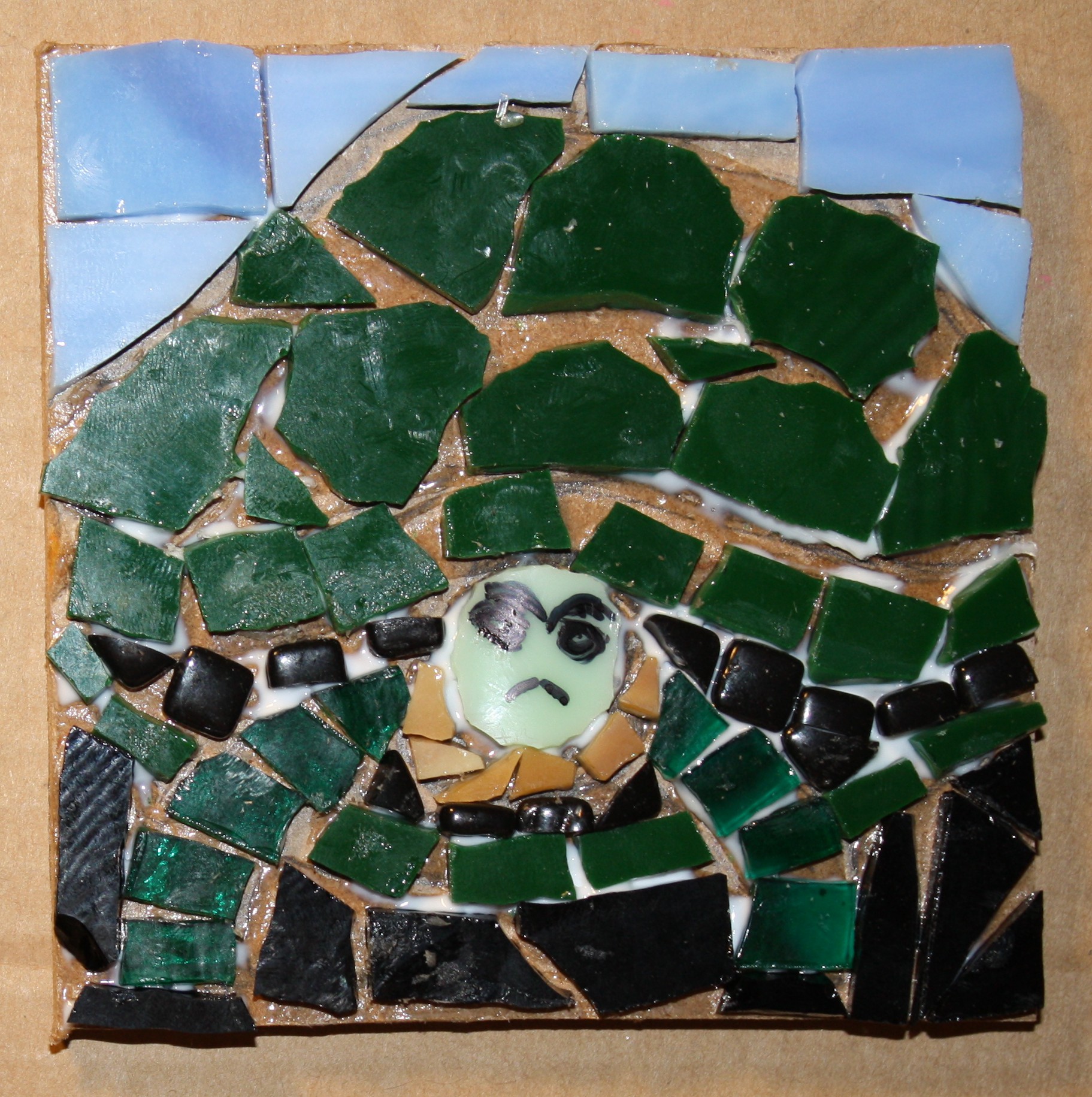 And now here’s the mosaic. I drew his face on because I decided it’s too small to do in mosaics. I’m going to glue beads on for the eyes after I grout.
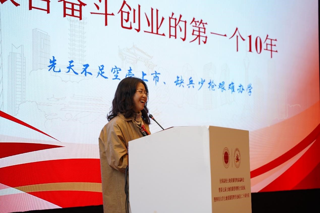 校友论坛会议开场由教师代表李敏副教授发言致辞。李敏副教授代表所有土地资源管理专业老师再一次对校友的到来表示最真诚的欢迎,并向校友们简单述说了土管这二十年的发展历程,将土管的前十年被称为“艰苦奋斗创业的第一个十年”。在这期间,四川大学土地资源管理专业 “先天不足空壳上市,缺兵少枪艰难办学”。而后十年被称为“矢志不渝铸就辉煌的第二个十年”,土地资源管理专业全体上下“师生同心其利断金、齐头并进走向辉煌”,在这十年里,我们完成本硕博学科建设,打开了四川大学土地资源管理专业的对外口碑。
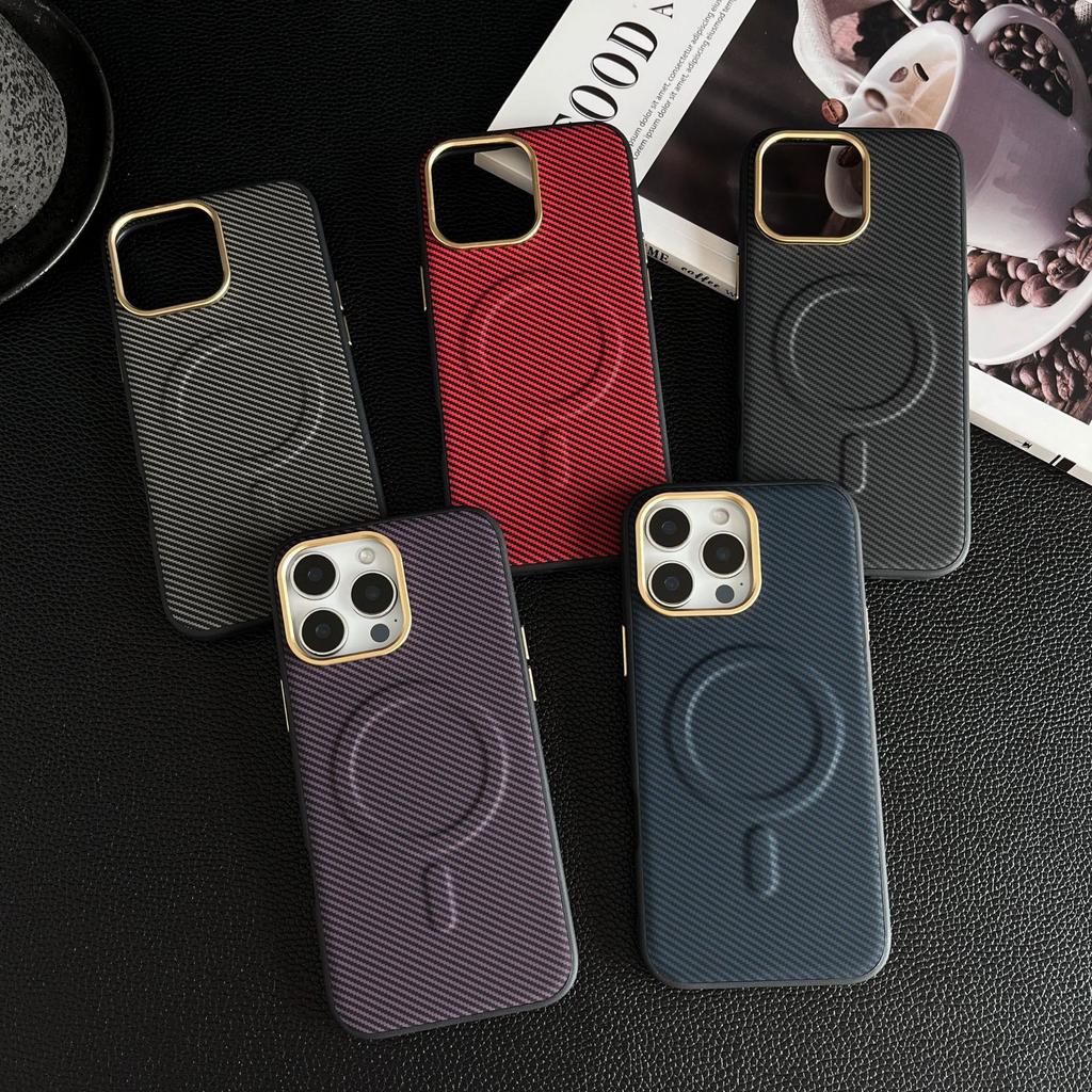 For IPhone 16 ProMax Kevlar Carbon Brazing Pattern Phone Case Magnetic for Apple 15 with Metal Lens Ring
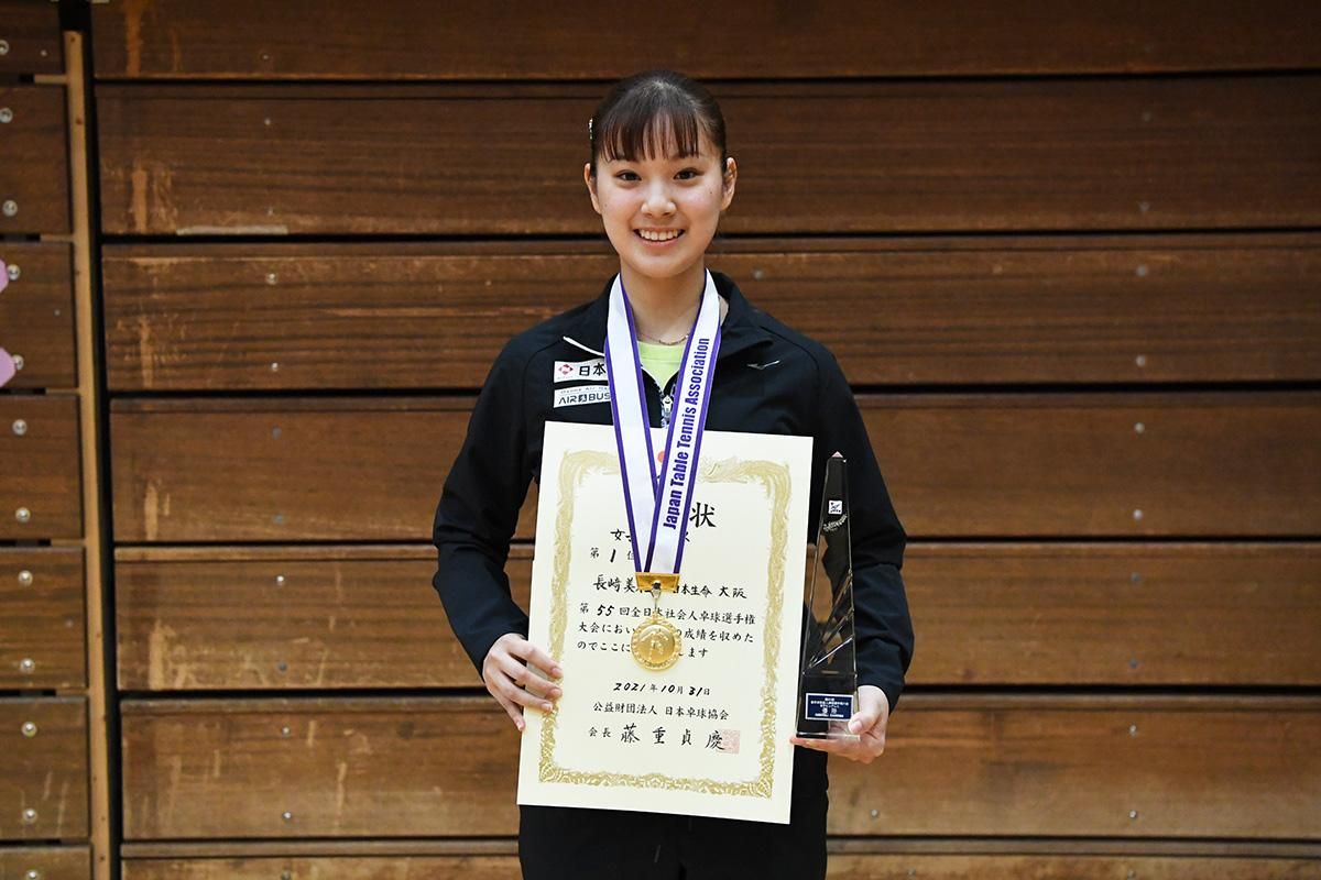 直近の2021世界卓球選手権ヒューストン大会男女日本代表選手選考合宿で敗れている橋本に対し、「負けて技術も体調も万全の準備をして、自分を信じて戦った」という長﨑は、強烈かつミスの少ないカット打ちで橋本に反撃の糸口を与えずストレートで快勝し、社会人ルーキーイヤーで初優勝を飾った。
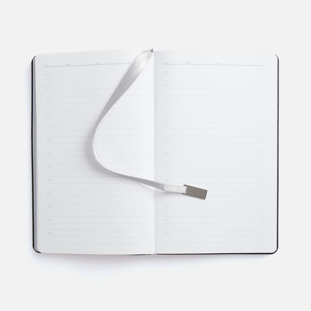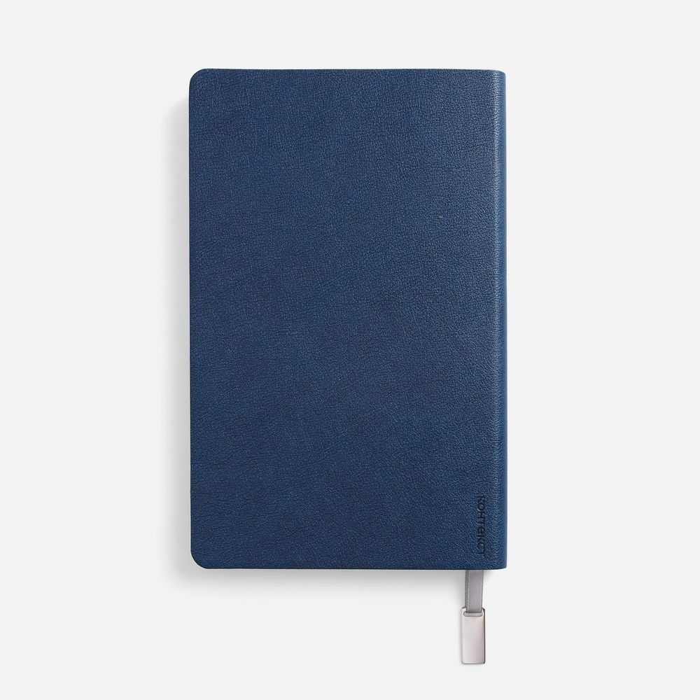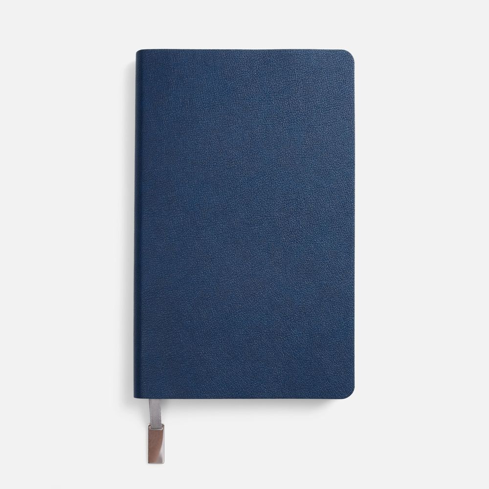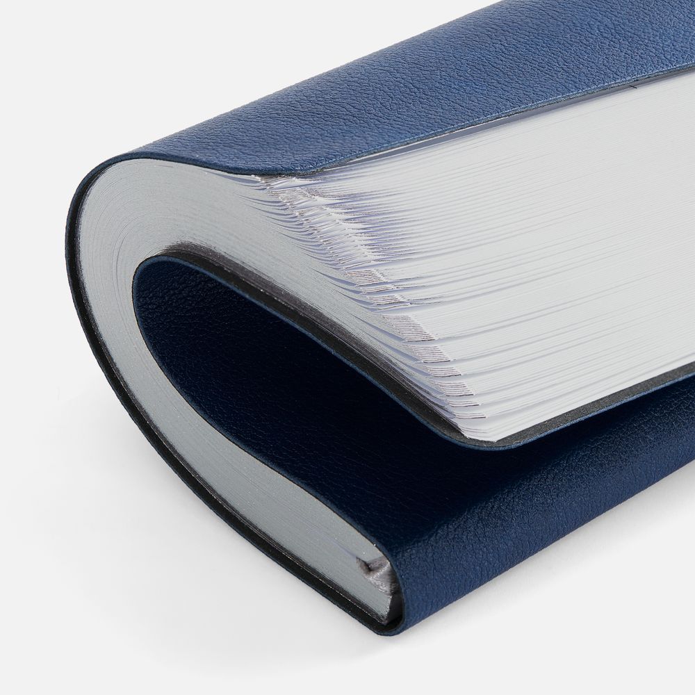 Ежедневник с гибкой обложкой, выполнен из материала Petrus, синий НН, дополнен серым ляссе с металлическим шильдиком.Блок 951, без календарной сетки и информационного блока:Кол-во страниц — 256;Бумага — белая, плотность 70 г/м²;Форзац и нахзац — белыеОбрез блока — серебристый.
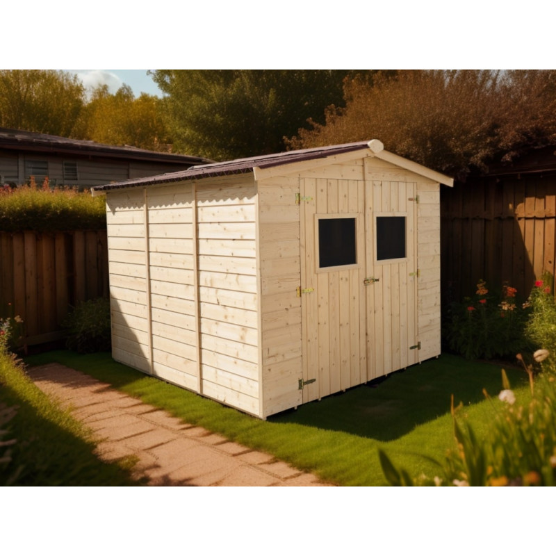 Materiale: abete rosso massello non trattato (Picea – fam. Pinaceae)Colore: legno naturalePareti: tavole da 28 mm a incastro chaletBase a terra: 200 x 200 cm (4,28 m²)Superficie utile interna: 180 x 180 cm (3,24 m²)Dimensioni totali esterne: 210 x 204 cmAltezza parete: 1,71 mAltezza colmo: 1,97 mSporgenza tetto: 7 cm fronte e retroPorta: singola semi...
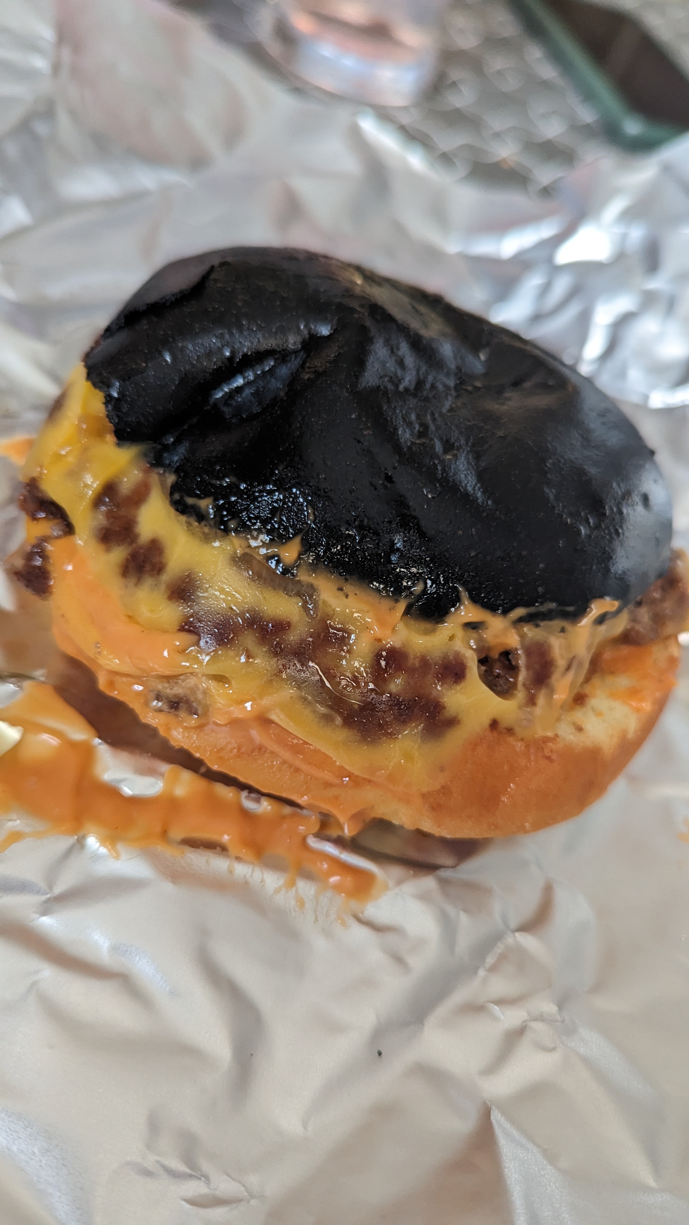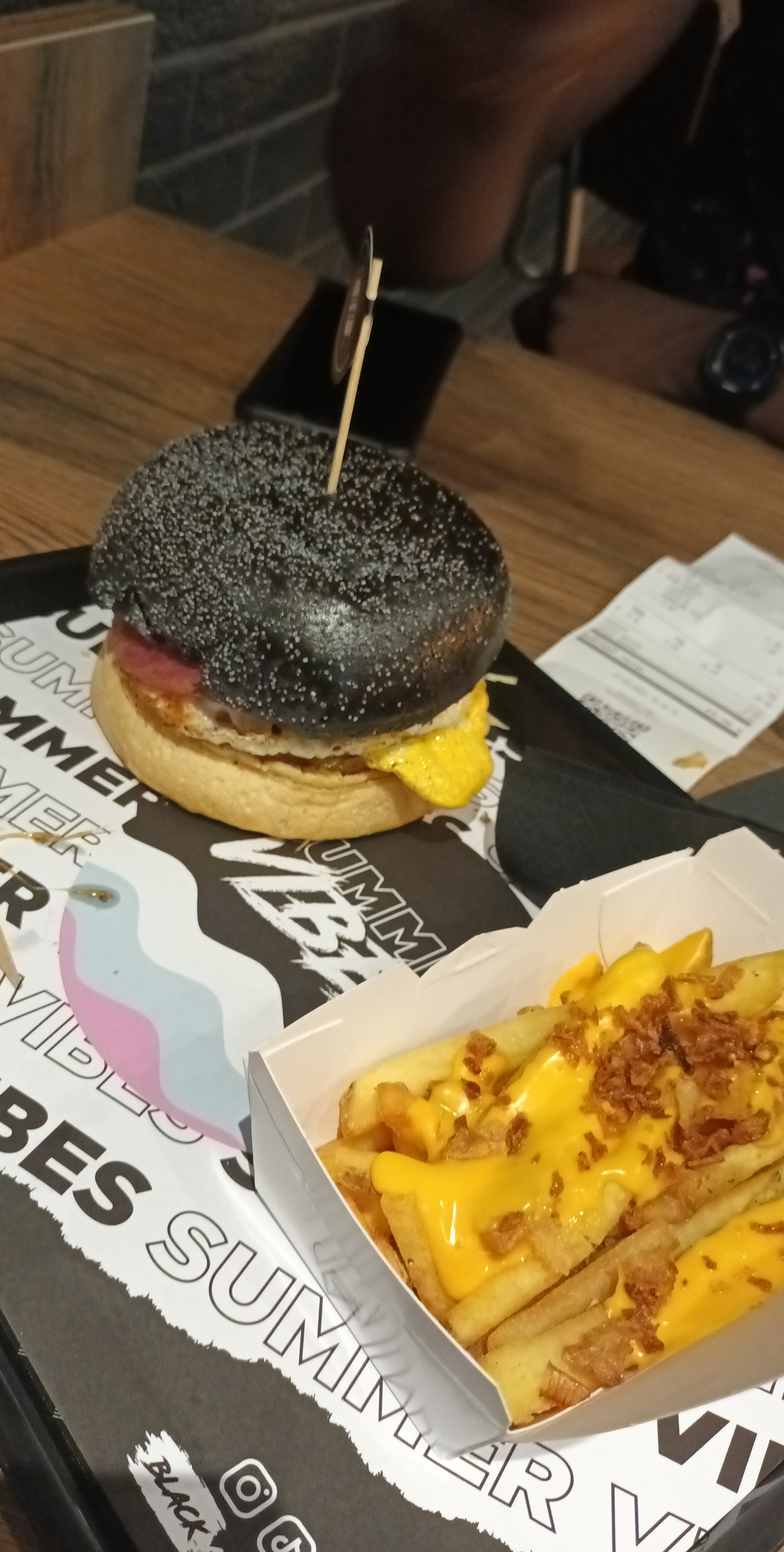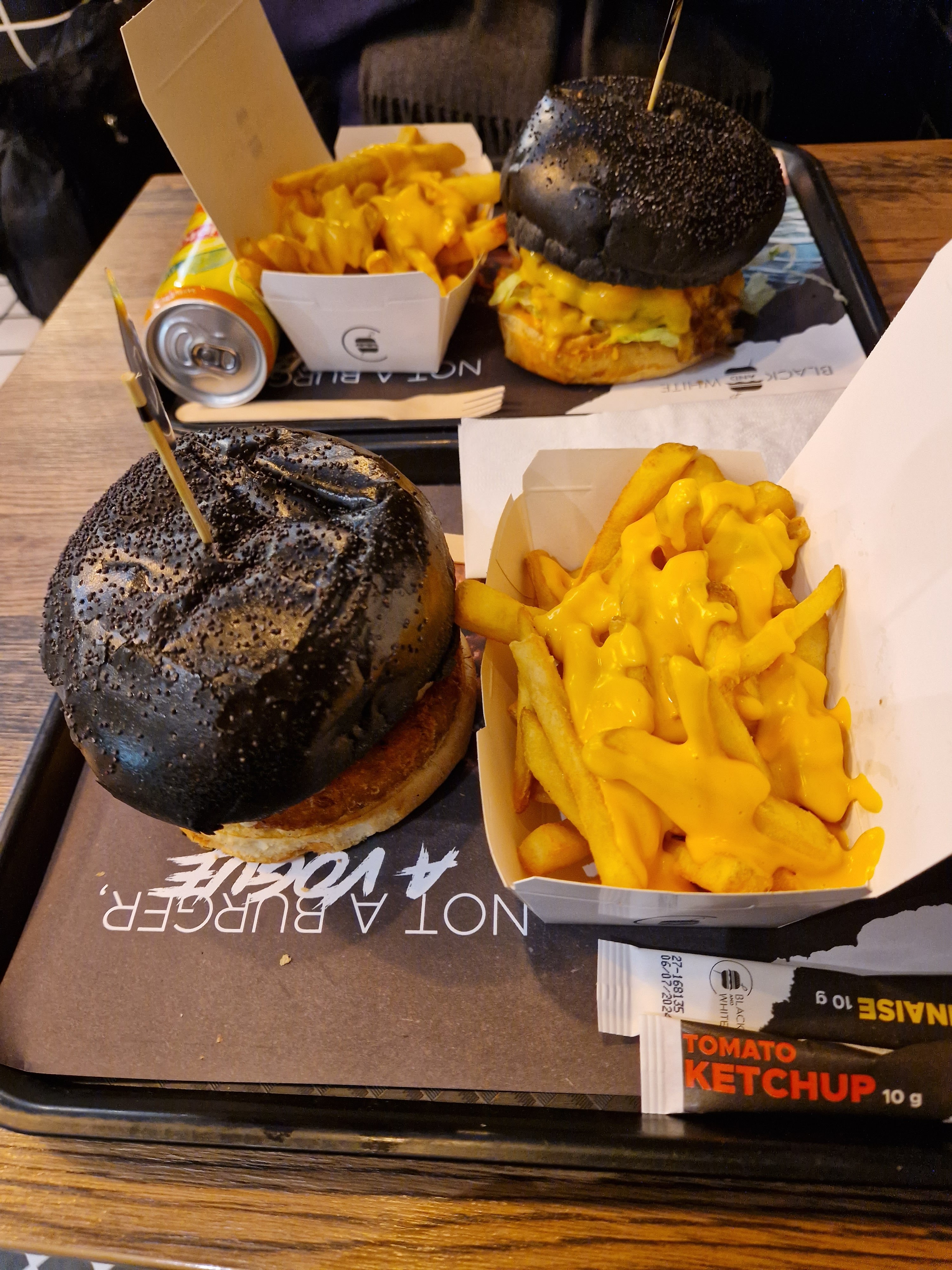Un burger comme un autre sauf la couleur qui change lol 😂. Les cartes resto ne passent pas aux bornes, mauvaise organisation la commande d’une collègue a été oubliée. Le steak du burger était bon mais sans plus pour le reste. Le prix reste quand même assez élevé pour un burger comme celui-ci

Task prompt:
Without altering a word, return all of the records above and leave out their pictures.

Written response:
 And now here’s the mosaic. I drew his face on because I decided it’s too small to do in mosaics. I’m going to glue beads on for the eyes after I grout.
 校友论坛会议开场由教师代表李敏副教授发言致辞。李敏副教授代表所有土地资源管理专业老师再一次对校友的到来表示最真诚的欢迎,并向校友们简单述说了土管这二十年的发展历程,将土管的前十年被称为“艰苦奋斗创业的第一个十年”。在这期间,四川大学土地资源管理专业 “先天不足空壳上市,缺兵少枪艰难办学”。而后十年被称为“矢志不渝铸就辉煌的第二个十年”,土地资源管理专业全体上下“师生同心其利断金、齐头并进走向辉煌”,在这十年里,我们完成本硕博学科建设,打开了四川大学土地资源管理专业的对外口碑。
 For IPhone 16 ProMax Kevlar Carbon Brazing Pattern Phone Case Magnetic for Apple 15 with Metal Lens Ring
 直近の2021世界卓球選手権ヒューストン大会男女日本代表選手選考合宿で敗れている橋本に対し、「負けて技術も体調も万全の準備をして、自分を信じて戦った」という長﨑は、強烈かつミスの少ないカット打ちで橋本に反撃の糸口を与えずストレートで快勝し、社会人ルーキーイヤーで初優勝を飾った。
 Ежедневник с гибкой обложкой, выполнен из материала Petrus, синий НН, дополнен серым ляссе с металлическим шильдиком.Блок 951, без календарной сетки и информационного блока:Кол-во страниц — 256;Бумага — белая, плотность 70 г/м²;Форзац и нахзац — белыеОбрез блока — серебристый.
 Materiale: abete rosso massello non trattato (Picea – fam. Pinaceae)Colore: legno naturalePareti: tavole da 28 mm a incastro chaletBase a terra: 200 x 200 cm (4,28 m²)Superficie utile interna: 180 x 180 cm (3,24 m²)Dimensioni totali esterne: 210 x 204 cmAltezza parete: 1,71 mAltezza colmo: 1,97 mSporgenza tetto: 7 cm fronte e retroPorta: singola semi...
Un burger comme un autre sauf la couleur qui change lol 😂. Les cartes resto ne passent pas aux bornes, mauvaise organisation la commande d’une collègue a été oubliée. Le steak du burger était bon mais sans plus pour le reste. Le prix reste quand même assez élevé pour un burger comme celui-ci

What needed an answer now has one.